The case, numbered FHC/ABJ/CS/883/2023, was brought before the Federal High Court in Abuja.

Goya Foods, a prominent producer and distributor of foods and beverages across the United States, Spanish-speaking countries, and Nigeria, seeks to enforce a longstanding consent judgment issued by the court in December 2006.

The judgment directed the Registrar to rectify the Trademarks Register to reflect Goya Foods Incorporated as the rightful owner of the “Goya Olive Oil” trademark, without any further formalities.

The lawsuit, exclusively revealed to sources, underscores Goya Foods’ determination to safeguard its intellectual property against alleged infringements.
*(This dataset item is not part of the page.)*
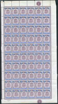 1898-1900 4c on 8c dull purple and ultramarine, surcharge in green. Right pane of sixty, o.g., some faults including R9 creased; minor type varieties, an interesting study piece. SG 19, £960

According to court documents, Goya Foods obtained the consent judgment against Chikason Industries Limited, which was accused of marketing “Goya Olive Oil” in Nigeria, thus infringing on Goya Foods’ registered trademark.

Legal counsel for Goya Foods, Ade Adedeji, SAN, emphasized the necessity of rectifying the Trademarks Register to protect their trademark interests effectively.

Despite appeals to the Registrar, the requested rectification has not been implemented, prompting Goya Foods to escalate the matter through legal channels.

The case has been adjourned to September 27, 2024, for further proceedings, highlighting the complexity and significance of trademark disputes in the global marketplace.

Goya Foods remains committed to upholding its brand integrity and securing its proprietary interests amidst the evolving landscape of international trademark law.